When I chose to complete an autoethnography in order to fulfill the requirements of a Narrative Inquiry class, I had only minimal understanding of the implications. As the course progressed and I read more about this qualitative research method, I began to have my doubts. I procrastinated and when I did put forth effort early on, my stomach often became queasy. I am not a revealing person. Richardson (1994) tells us that: Autoethnography can be a very difficult undertaking because this form of scholarship
highlights more than ever issues of representation, “objectivity,” data quality, legitimacy, and ethics. Although working through these challenges can lead to the production of an excellent text, the intimate and personal nature of autoethnography can, in fact, make it one of the most challenging qualitative approaches to attempt (p. 521). For me, the challenge would be particularly difficult. I would need to recall events that I’ve spent decades trying to forget. After recalling these events I would need to relate them without conveying bitterness or anger. I have every right to be angry, but I believe that by focusing on my goal to understand something positive in my life, I could ultimately write about bad experiences in a positive light.

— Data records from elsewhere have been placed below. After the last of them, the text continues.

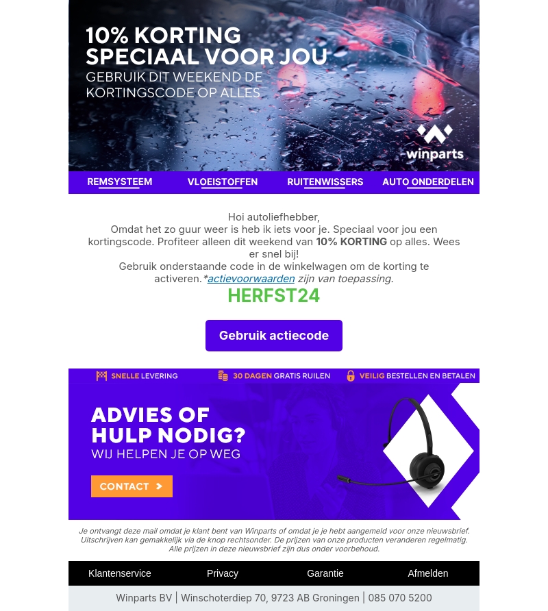 Hoi autoliefhebber, het is weer tijd voor een speciale aanbieding van Winparts. Alleen dit weekend krijg je 10% korting op alles in onze winkel. Gebruik de kortingscode HERFST24 bij het afrekenen om de korting te activeren. Mis deze kans niet en bespaar op hoogwaardige auto-onderdelen.
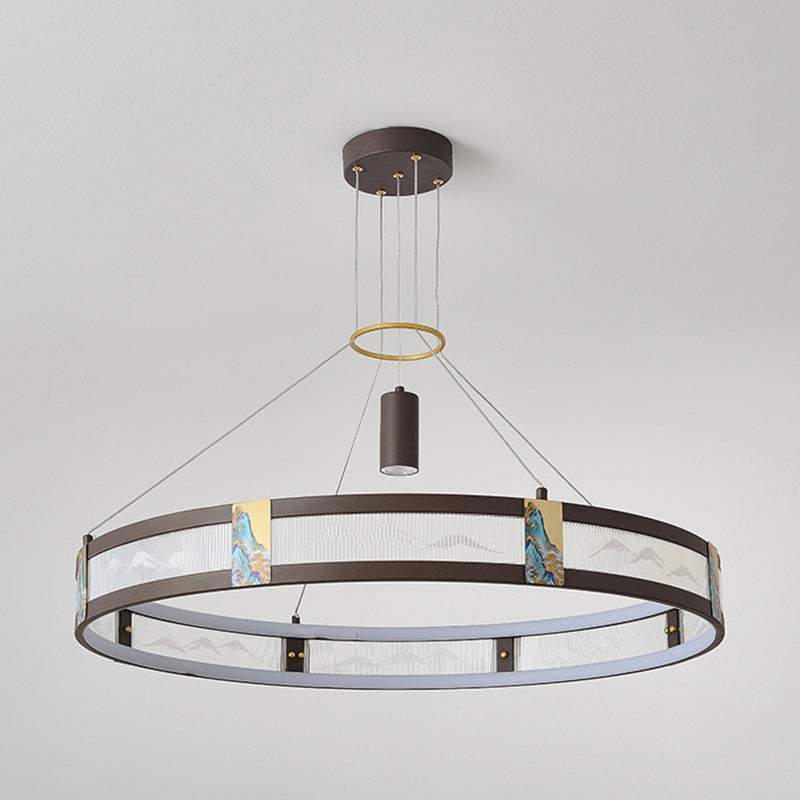 Traditional Chinese Iron Acrylic Stainless Steel Round Enamel Painting LED Chandeliers Spotlight For Living Room
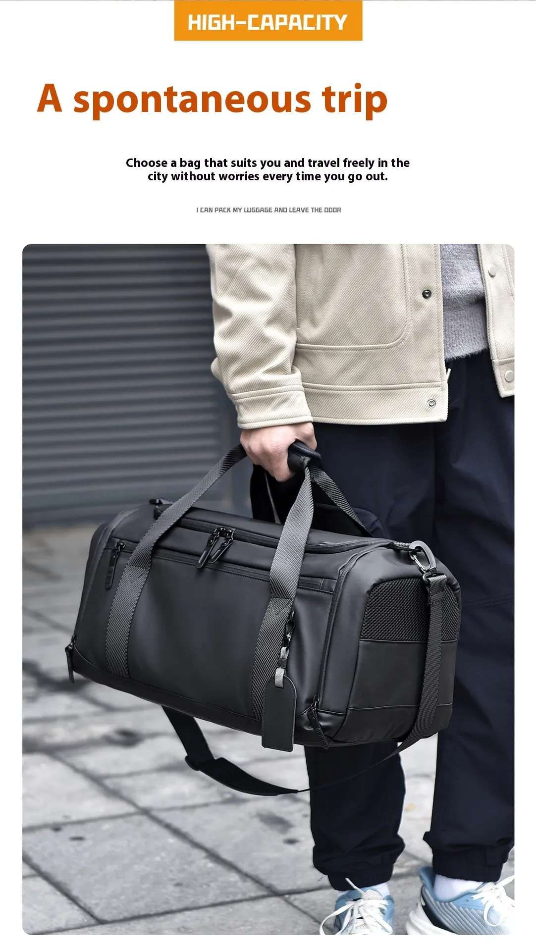 With dry wet separation technology, this bag offers a dedicated compartment to store wet or dirty items, like shoes or towels, separate from your clean clothes and other essentials. The large capacity design ensures you can pack everything you need, and the handbag style makes it easy to carry as either a shoulder bag or a travel companion.
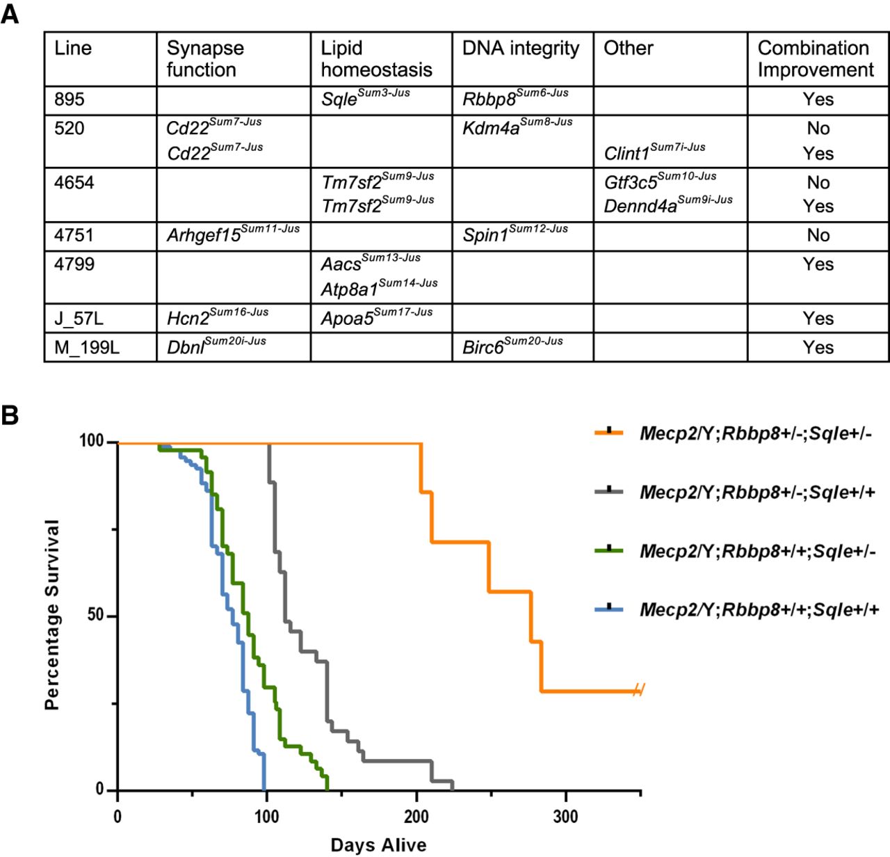 Combinatorial effects of multiple mutations on health and longevity. (A) Multiple lines (895, 520, 4654, 4751, 4799, J_57L, and M_199L) carry lesions in more than one gene that either independently or additively improve health. Kdm4a and Cd22 in line 520, Tm7sf2 and Gtf3c5 in line 4654, and Arhgef15 and Spin1 in line 4751 show independent effects on health, whereas the other mutations show positive combinatorial effects on Mecp2/Y health. (B) Mecp2/Y mice from line 895, carrying mutations in Sqle and/or Rbbp8, show increased longevity when both mutations are present (Mecp2/Y;Rbbp8+/−;Sqle+/−; n = 7, median survival 277 d) when compared to Mecp2/Y mice carrying either mutation alone (Mecp2/Y;Rbbp8+/−;Sqle+/+; n = 35, median survival 112 d or Mecp2/Y;Rbbp8+/+;Sqle+/−; n = 47, median survival 88 d). For Mecp2/Y;Rbbp8+/+;Sqle+/+; n = 94, the median survival was 77 d. (P < 0.0001 by Mantel-Cox test, for each comparison of Mecp2/Y;Rbbp8+/+;Sqle+/+ to any of the three groups). These data include the founder 895, N3 animals (genotyped for both Rbbp8 and Sqle) and all of the N5 animals generated.
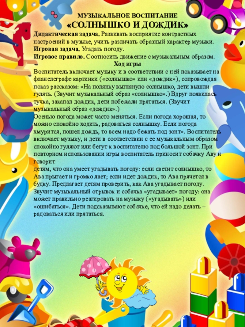 Воспитатель включает музыку и в соответствии с ней показывает на фланелеграфе картинки («солнышко» или «дождик»), сопровождая показ рассказом: «На полянку выглянуло солнышко, дети вышли гулять. (Звучит музыкальный образ «солнышко».) Вдруг появилась тучка, закапал дождик, дети побежали прятаться. (Звучит музыкальный образ «дождик».)
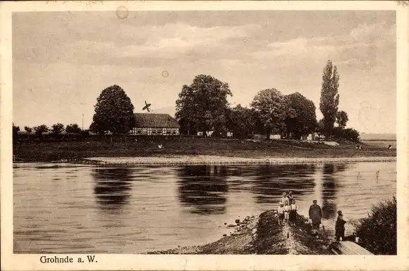 Ak Grohnde Emmerthal an der Weser, Gastwirtschaft, Gartenwirtschaft zur Fähre
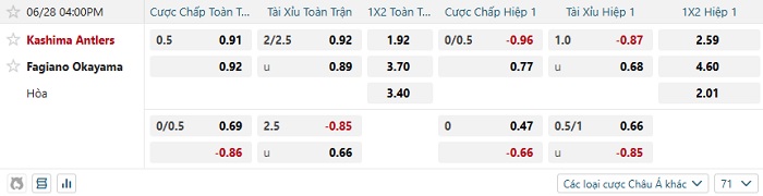 Tip kèo Châu Á hiệp 1 Kashima Antlers vs Fagiano Okayama
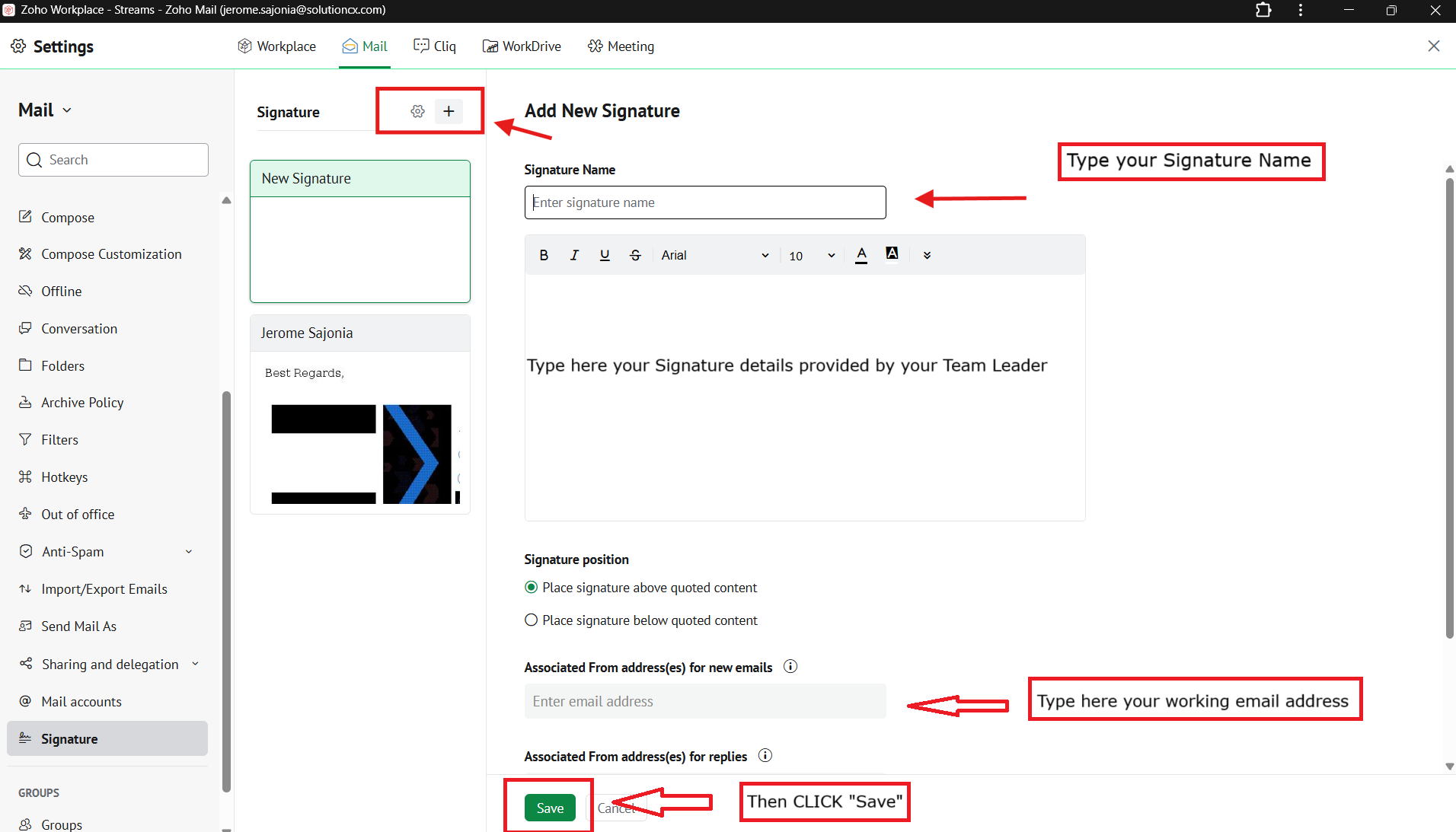 - Click the + icon to create a new signature and type all the details on your Signature.

Autoethnography requires the researcher to gaze, first through an ethnographic wideangle lens, focusing outward on social and cultural aspects of their personal experience; then, they look inward, exposing a vulnerable self that is moved by and may move through, refract, and resist cultural interpretations ( (Ellis & Bochner, 2000). In this, Ellis offers this more simple personal explanation: I started with my personal life. I payed attention to my physical feelings, thoughts, and emotions. I usede what I call systematic sociological introspection and emotional recall to try to understand an experience that I lived through. Then I wrote my experience as a story.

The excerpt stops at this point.